START Provided entries
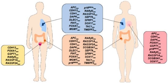 Circulating cell-free DNA methylation-based biomarkers described in literature for cancer detection which are common to at least two cancer types [Breast Cancer (pink box), Lung Cancer (blue box), Prostate Cancer (yellow box), Colorectal Cancer (orange box)]. Reprinted with permission from [189]. 2020, Cells, MDPI.
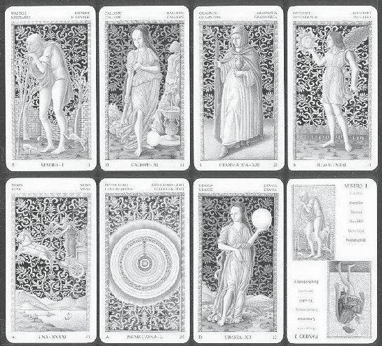К числу самых старых относится и колода Мантеньи, чье возникновение произошло в тот же период, что арканы миланского создателя карт. Она насчитывает 50 изделий без Младших арканов, поэтому профессиональные гадатели не считают правомерным причислять ее к Таро, хотя некоторые образы схожи со Старшими арканами.
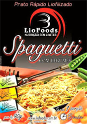 Prato rápido liofilizado sabor spaguetti com legumes que serve até 1 porção.
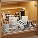 - RELIABLE SHELF INSERTS FOR CABINETS: Our adjustable sliding cabinet organizer features elegant heavy wire construction which is durable enough to handle up to 50 pounds.
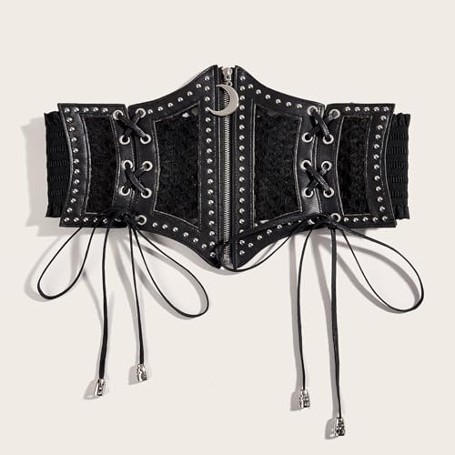 Wide Waist Belt Punk Lattice Chain For Cowgirl Costume Lace-up Trendy Underbust Waist Chain Belt Moon Pendant 1
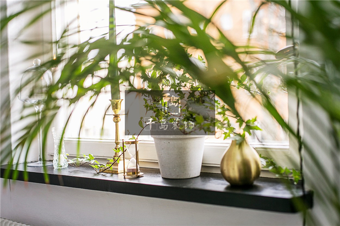 臥室的窗臺處照樣運(yùn)用了大量的綠植加以點(diǎn)綴,為空間增加了一分生機(jī)。但其中零星點(diǎn)綴的金屬擺件卻是和綠植相輔相成,不會太過冰冷,亦不會太過柔和,既豐富了混搭空間的主題,又增加了些許居家的品質(zhì),一舉兩得。
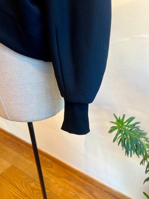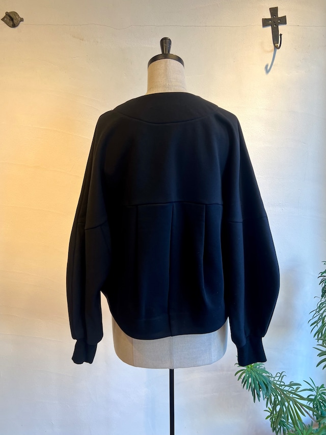 暖かく肌触りの良い裏起毛のジャージを使用したショート丈ボレロジャケット。軽やかな着心地と保温性を兼ね備えた素材で、季節の変わり目にも活躍します。丸みのある立体的な袖が特徴で、着るだけで自然とこなれた雰囲気を演出。後ろ身頃のタックデザインがシルエットにメリハリを持たせ、軽いカーディガン感覚でデイリーに着られる1枚です。
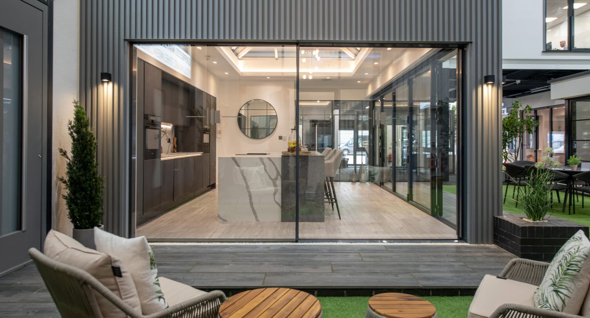 The designs will be based on the fantastic layouts of our Glasgow and Weybridge showrooms, plus the newly completed entrance door areas within our Leeds showroom. We will of course be showcasing our bi-fold and sliding doors, full array of windows and glass roof systems, plus the large roof height within this building lends itself particularly well to double height curtain-walling displays and full house elevations.
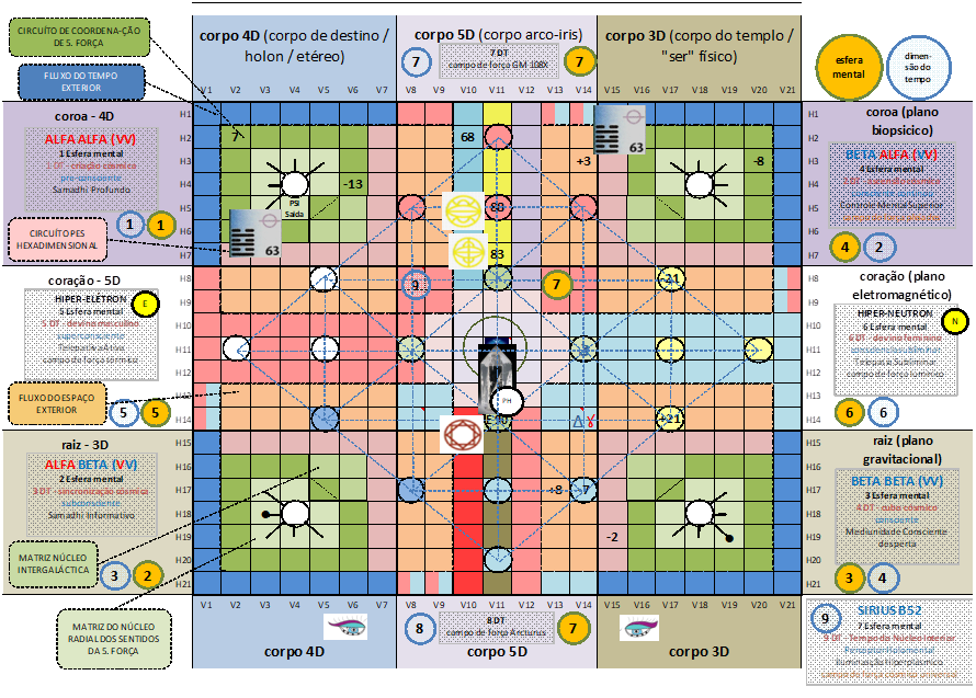 Estamos no circuito 3 (Terra) galático karmico no hipercubo, fluxos interplanetários: o Circuito 3 contem 64 unidades para cada um dos 64 Códons do DNA, coordena o corpo sensorial de energia biopsiquica e modula a radialização dos órgãos sensoriais humanos, Arquétipos o Avatar e o Sábio, acessa o Conselho  Terrestre da Sabedoria Realizada.
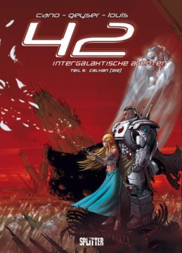 Eine Welt, in der sich zwei Zivilisationen seit Jahrhunderten in einem schonungslosen Religionskrieg befinden. Einem Krieg, der unweigerlich zur Zerstörung beider Völker führen wird. Mitten in dieser blutigen Auseinandersetzung befindet sich Nitaar, eine der letzten der legendären intergalaktischen Agenten. Heute besteht diese Spezialeinheit nur noch aus 42 tapferen und außergewöhnlichen Mitgliedern. Zusammen mit Alh-Aar Senzaî muss Nitaar ein Friedensabkommen zwischen der Gemeinschaft der freien Staaten und Drakhastan arrangieren, eine mehr als heikle Mission. Doch welche Rolle spielt Nitaar selbst in diesen Kriegswirren? Mit 42 präsentiert Splitter ein Fantasy-Sci-Fi-Spektakel der Extraklasse, angesiedelt in einem fantastischen und düsteren Universum voller Raumschiffe, Drachen und fremder Wesen.
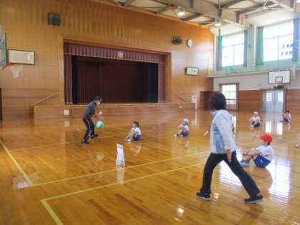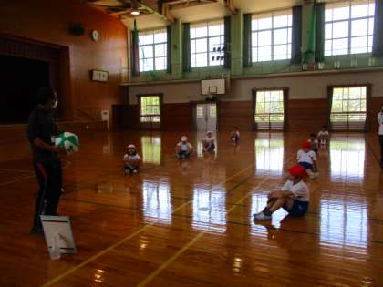 今日から新しい学習「キャッチビーチバレーボール」が始まりました。子供たちは、先生の話をよく聞いて、楽しい学習にしようと真剣です。
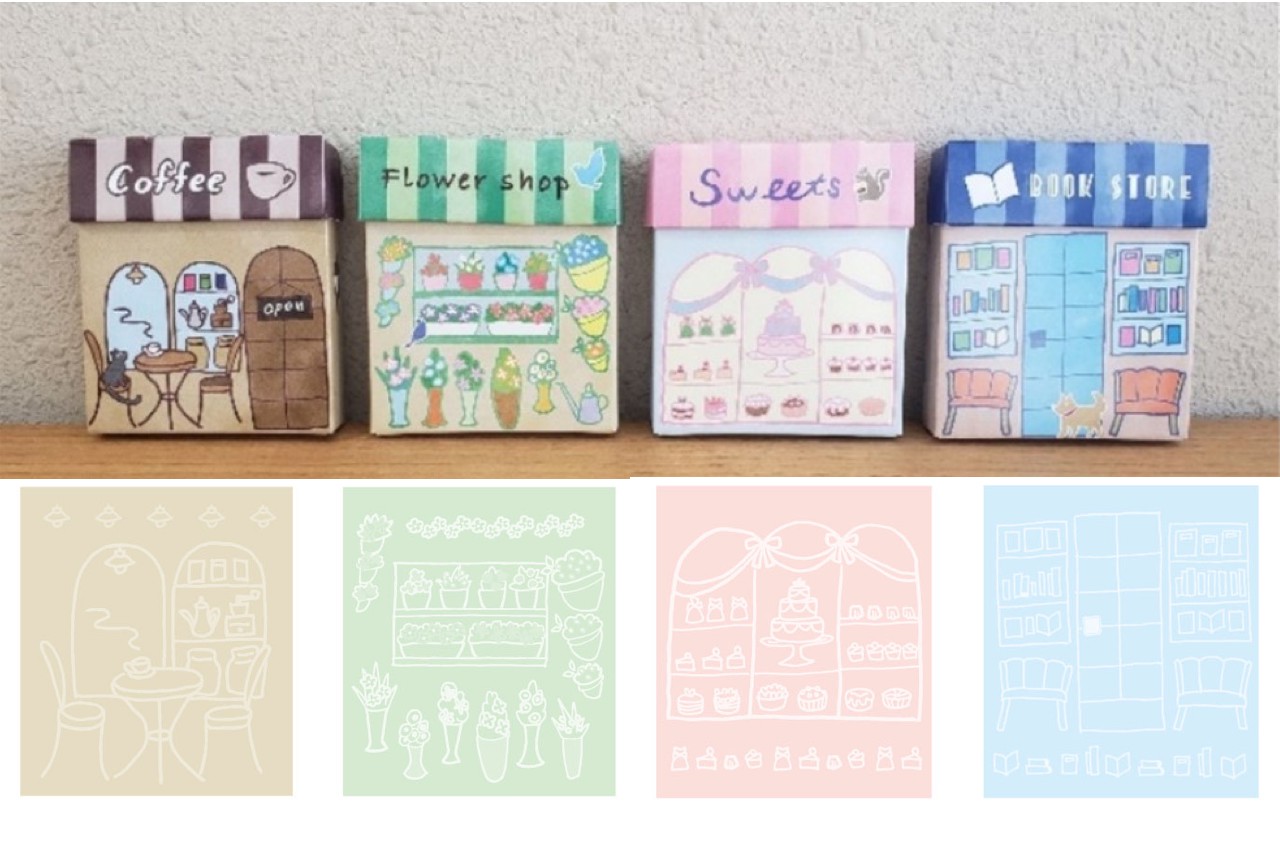 種類:4種(カフェ、フラワーショップ、スイーツ、ブックストア)
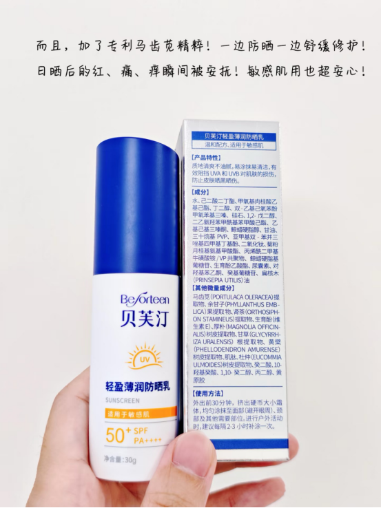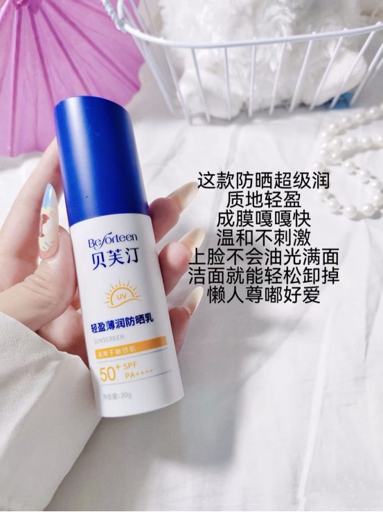 🌈【贝芙汀轻盈薄润防晒乳SPF50+】👉痘肌 ,敏感肌,油皮干皮都可以放心使用 上市公司贝泰妮旗下子品牌,🌸薇*娜同厂 同源 📣6重防晒体系❗️
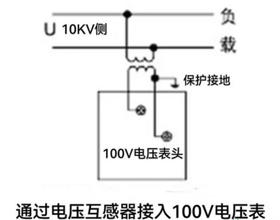 不過這種機械式指針式電壓表對安裝位置的耐振動和沖擊的影響是有要求的: 安裝位置→儀表適用垂直安裝,允許傾斜±5°; 存儲溫度→規(guī)定在-40℃~ +70℃; 阻尼時間→小于4s(槽型表小于6s); 工作環(huán)境→參比溫度為23℃±2℃,相對溫度40 ~ 85%;工作環(huán)境溫度極限為-40℃+ 60℃,相對溫度不超過95%,且空氣中無灰塵和腐蝕性氣體; 絕緣強度→能承受頻率為50Hz的正弦波交流2KV電壓1分鐘的耐壓試驗,施加直流電壓500V時的絕緣電阻≥5MΩ。 這種高壓電壓表為了安全,必須配置10/0.1KV高壓電壓互感器使用的,見下圖所示
END Provided entries
[Work to be completed] Transcribe the data completely. No pictures should appear in the transcription.

[Response to this exercise]
 Circulating cell-free DNA methylation-based biomarkers described in literature for cancer detection which are common to at least two cancer types [Breast Cancer (pink box), Lung Cancer (blue box), Prostate Cancer (yellow box), Colorectal Cancer (orange box)]. Reprinted with permission from [189]. 2020, Cells, MDPI.
К числу самых старых относится и колода Мантеньи, чье возникновение произошло в тот же период, что арканы миланского создателя карт. Она насчитывает 50 изделий без Младших арканов, поэтому профессиональные гадатели не считают правомерным причислять ее к Таро, хотя некоторые образы схожи со Старшими арканами.
 Prato rápido liofilizado sabor spaguetti com legumes que serve até 1 porção.
 - RELIABLE SHELF INSERTS FOR CABINETS: Our adjustable sliding cabinet organizer features elegant heavy wire construction which is durable enough to handle up to 50 pounds.
 Wide Waist Belt Punk Lattice Chain For Cowgirl Costume Lace-up Trendy Underbust Waist Chain Belt Moon Pendant 1
 臥室的窗臺處照樣運(yùn)用了大量的綠植加以點(diǎn)綴,為空間增加了一分生機(jī)。但其中零星點(diǎn)綴的金屬擺件卻是和綠植相輔相成,不會太過冰冷,亦不會太過柔和,既豐富了混搭空間的主題,又增加了些許居家的品質(zhì),一舉兩得。
 暖かく肌触りの良い裏起毛のジャージを使用したショート丈ボレロジャケット。軽やかな着心地と保温性を兼ね備えた素材で、季節の変わり目にも活躍します。丸みのある立体的な袖が特徴で、着るだけで自然とこなれた雰囲気を演出。後ろ身頃のタックデザインがシルエットにメリハリを持たせ、軽いカーディガン感覚でデイリーに着られる1枚です。
 The designs will be based on the fantastic layouts of our Glasgow and Weybridge showrooms, plus the newly completed entrance door areas within our Leeds showroom. We will of course be showcasing our bi-fold and sliding doors, full array of windows and glass roof systems, plus the large roof height within this building lends itself particularly well to double height curtain-walling displays and full house elevations.
 Estamos no circuito 3 (Terra) galático karmico no hipercubo, fluxos interplanetários: o Circuito 3 contem 64 unidades para cada um dos 64 Códons do DNA, coordena o corpo sensorial de energia biopsiquica e modula a radialização dos órgãos sensoriais humanos, Arquétipos o Avatar e o Sábio, acessa o Conselho  Terrestre da Sabedoria Realizada.
 Eine Welt, in der sich zwei Zivilisationen seit Jahrhunderten in einem schonungslosen Religionskrieg befinden. Einem Krieg, der unweigerlich zur Zerstörung beider Völker führen wird. Mitten in dieser blutigen Auseinandersetzung befindet sich Nitaar, eine der letzten der legendären intergalaktischen Agenten. Heute besteht diese Spezialeinheit nur noch aus 42 tapferen und außergewöhnlichen Mitgliedern. Zusammen mit Alh-Aar Senzaî muss Nitaar ein Friedensabkommen zwischen der Gemeinschaft der freien Staaten und Drakhastan arrangieren, eine mehr als heikle Mission. Doch welche Rolle spielt Nitaar selbst in diesen Kriegswirren? Mit 42 präsentiert Splitter ein Fantasy-Sci-Fi-Spektakel der Extraklasse, angesiedelt in einem fantastischen und düsteren Universum voller Raumschiffe, Drachen und fremder Wesen.
 今日から新しい学習「キャッチビーチバレーボール」が始まりました。子供たちは、先生の話をよく聞いて、楽しい学習にしようと真剣です。
 種類:4種(カフェ、フラワーショップ、スイーツ、ブックストア)
 🌈【贝芙汀轻盈薄润防晒乳SPF50+】👉痘肌 ,敏感肌,油皮干皮都可以放心使用 上市公司贝泰妮旗下子品牌,🌸薇*娜同厂 同源 📣6重防晒体系❗️
 不過這種機械式指針式電壓表對安裝位置的耐振動和沖擊的影響是有要求的: 安裝位置→儀表適用垂直安裝,允許傾斜±5°; 存儲溫度→規(guī)定在-40℃~ +70℃; 阻尼時間→小于4s(槽型表小于6s); 工作環(huán)境→參比溫度為23℃±2℃,相對溫度40 ~ 85%;工作環(huán)境溫度極限為-40℃+ 60℃,相對溫度不超過95%,且空氣中無灰塵和腐蝕性氣體; 絕緣強度→能承受頻率為50Hz的正弦波交流2KV電壓1分鐘的耐壓試驗,施加直流電壓500V時的絕緣電阻≥5MΩ。 這種高壓電壓表為了安全,必須配置10/0.1KV高壓電壓互感器使用的,見下圖所示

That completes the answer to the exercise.